For simple models like a stack of feed forward layers, you still need to go through 3 steps: subclass nn.Module
, assign layers to class attributes in __init__
, and call each layer one by one in forward()
. Is there a more convenient way?
Fortunately, PyTorch provides a container Module called nn.Sequential
, which merges the above steps into one. It is not as flexible as nn.Module
, because you cannot specify more complex topology than a feed-forward stack, but it’s good enough for many use cases.
Let’s see how to rewrite our two-layer fully connected network example with nn.Sequential
, and train it using the training loop defined above.
Again, you don’t need to tune any hyperparameters here, but you shoud achieve above 40% accuracy after one epoch of training.

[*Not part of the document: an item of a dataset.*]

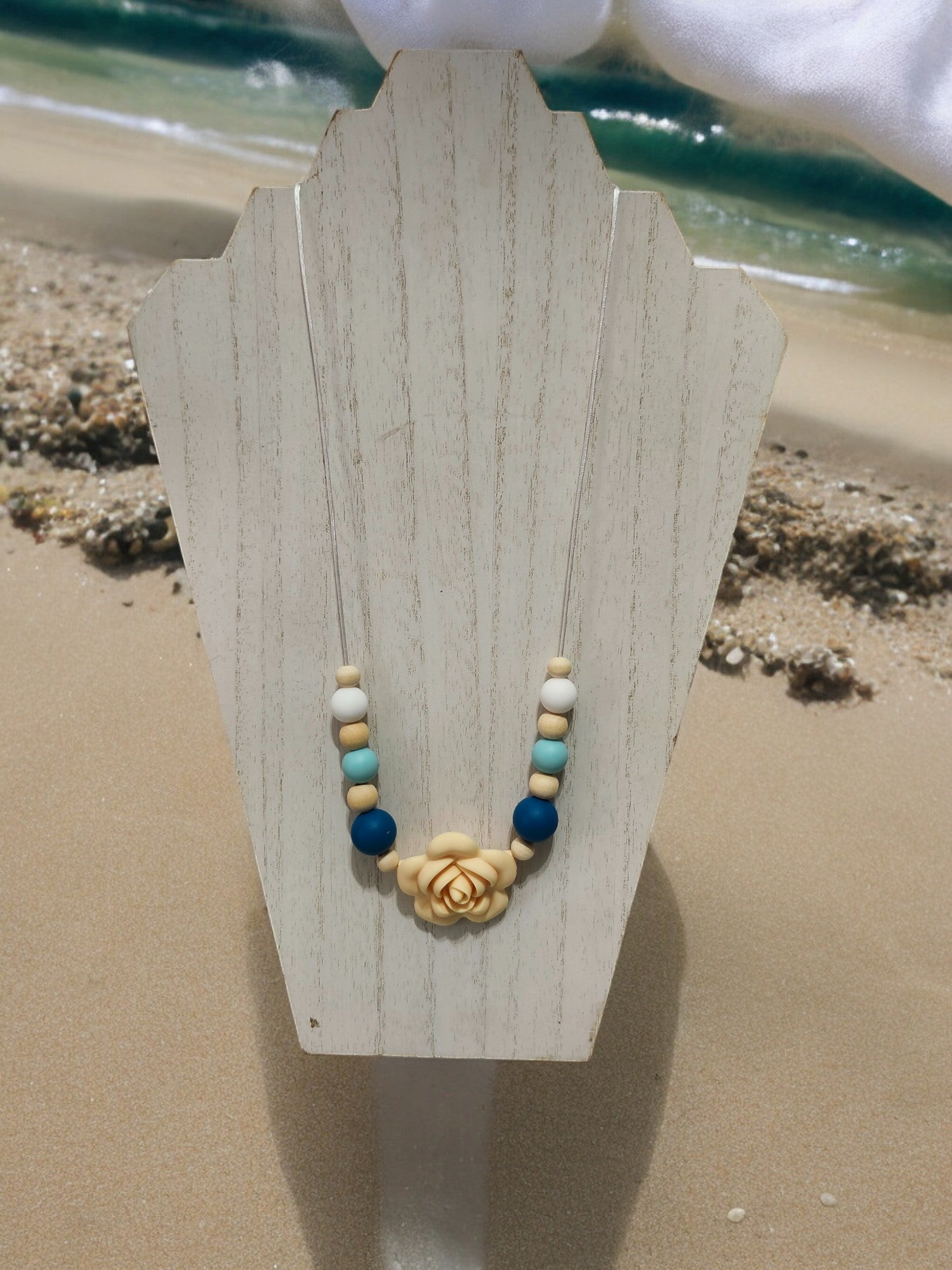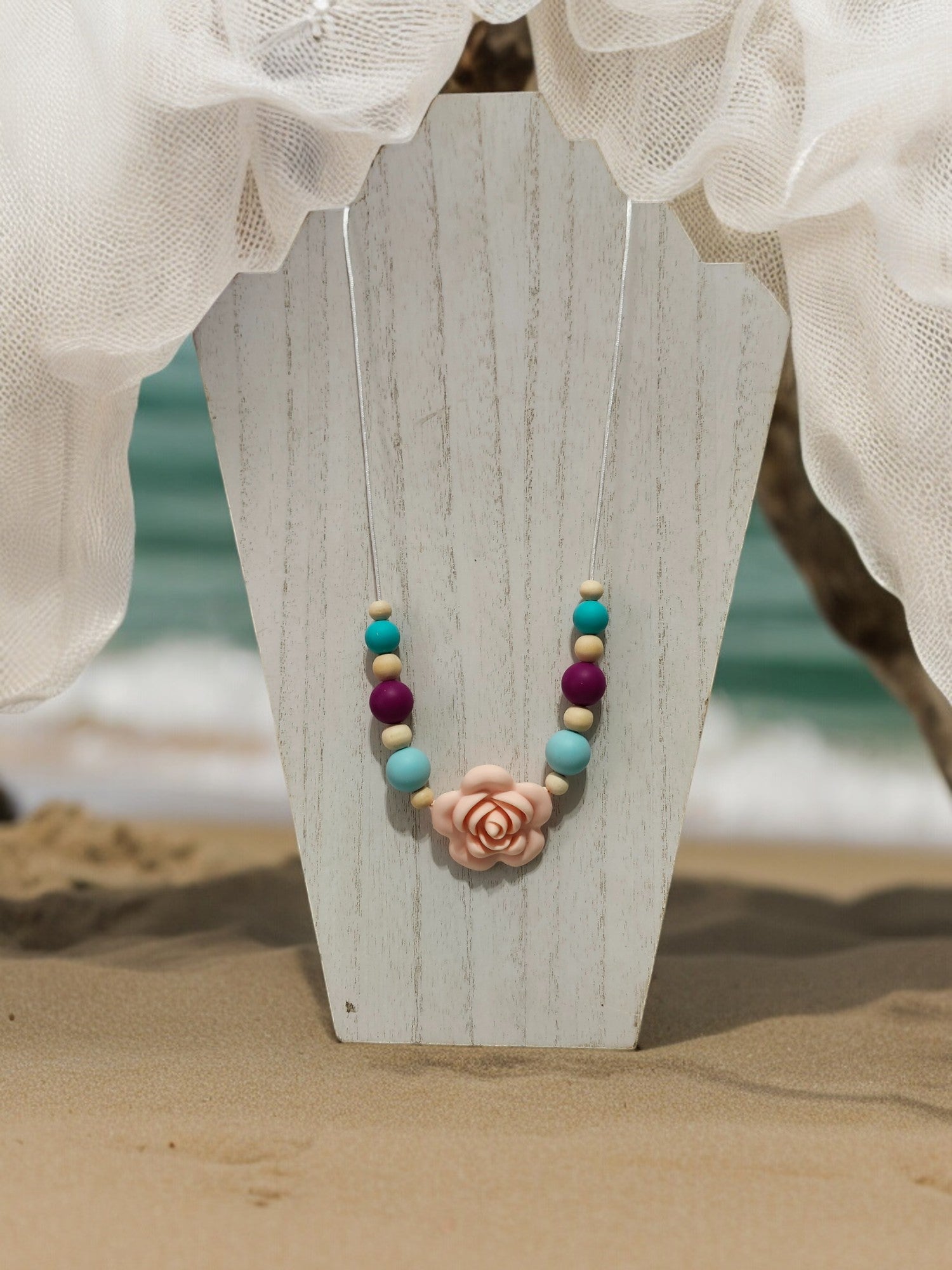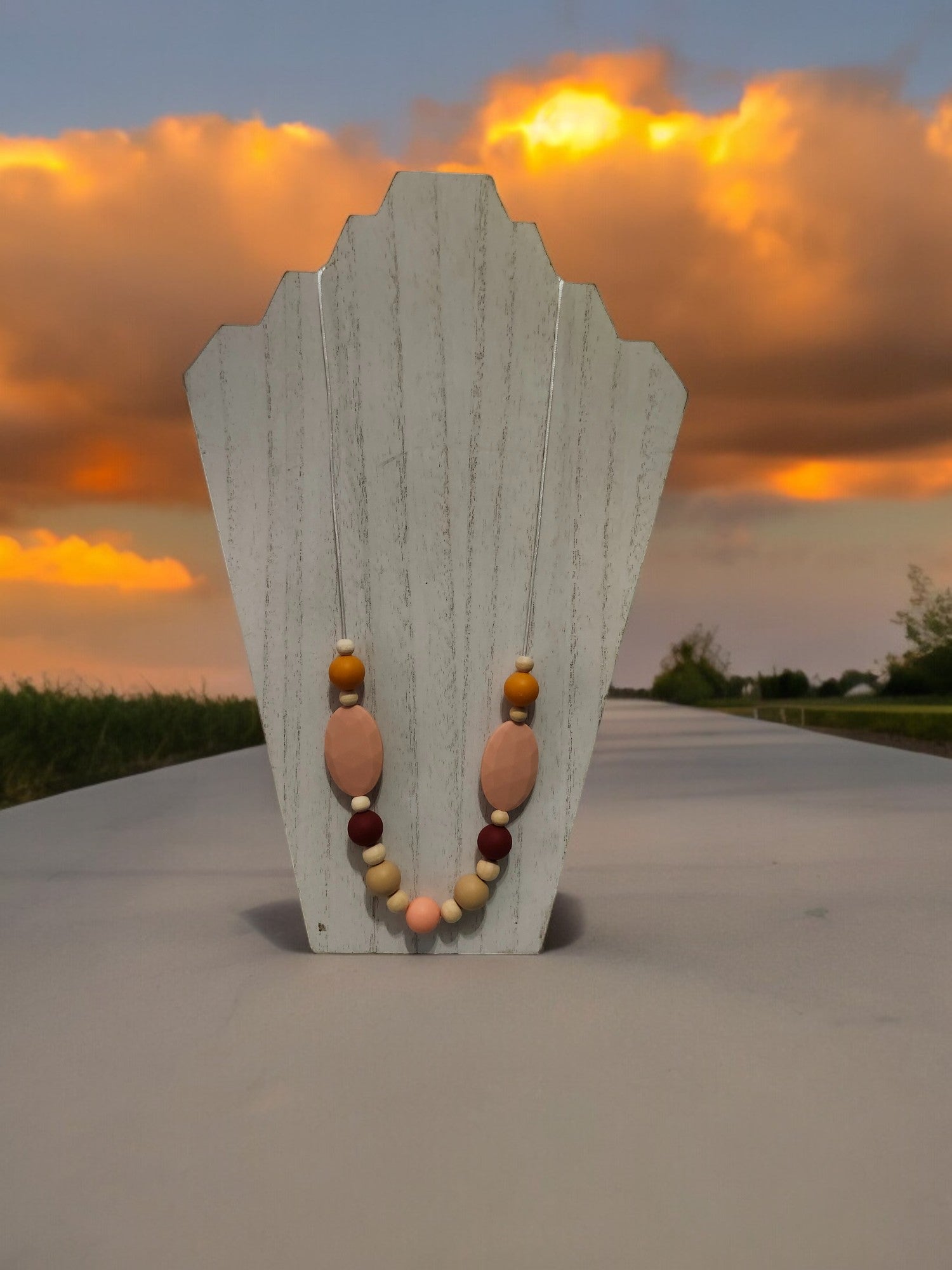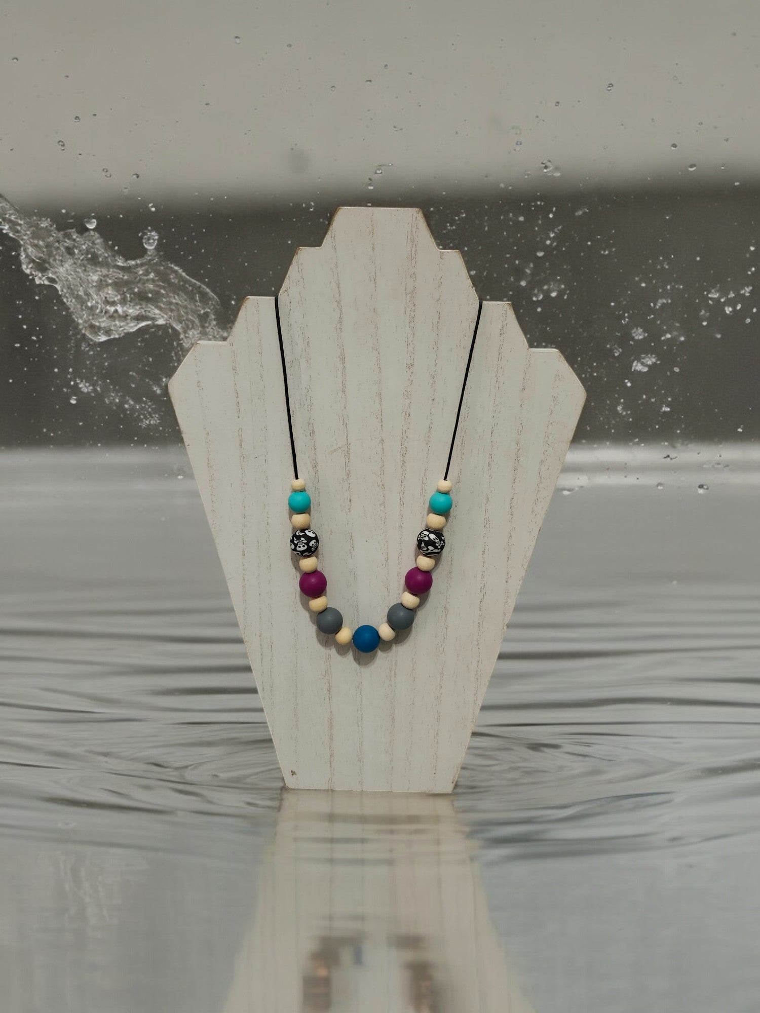 These necklaces are perfect for teething babies. While they are in your arms or your baby sling, they can play with your necklace. Made with extra secure safety clamps on both ends, beechwood beads, and silicone beads.

# We need to wrap `flatten` function in a module in order to stack it
# in nn.Sequential
class Flatten(nn.Module):
def forward(self, x):
return flatten(x)
hidden_layer_size = 4000
learning_rate = 1e-2
model = nn.Sequential(
Flatten(),
nn.Linear(3 * 32 * 32, hidden_layer_size),
nn.ReLU(),
nn.Linear(hidden_layer_size, 10),
)
# you can use Nesterov momentum in optim.SGD
optimizer = optim.SGD(model.parameters(), lr=learning_rate,
momentum=0.9, nesterov=True)
train_part34(model, optimizer)
Iteration 0, loss = 2.3417
Checking accuracy on validation set
Got 156 / 1000 correct (15.60)
Iteration 100, loss = 1.7241
Checking accuracy on validation set
Got 369 / 1000 correct (36.90)
Iteration 200, loss = 2.3021
Checking accuracy on validation set
Got 386 / 1000 correct (38.60)
Iteration 300, loss = 1.4864
Checking accuracy on validation set
Got 418 / 1000 correct (41.80)
Iteration 400, loss = 1.7475
Checking accuracy on validation set
Got 433 / 1000 correct (43.30)
Iteration 500, loss = 1.6403
Checking accuracy on validation set
Got 420 / 1000 correct (42.00)
Iteration 600, loss = 1.8132
Checking accuracy on validation set
Got 457 / 1000 correct (45.70)
Iteration 700, loss = 1.9169
Checking accuracy on validation set
Got 459 / 1000 correct (45.90)
Here you should use nn.Sequential
to define and train a three-layer ConvNet with the same architecture we used in Part III:
You can use the default PyTorch weight initialization.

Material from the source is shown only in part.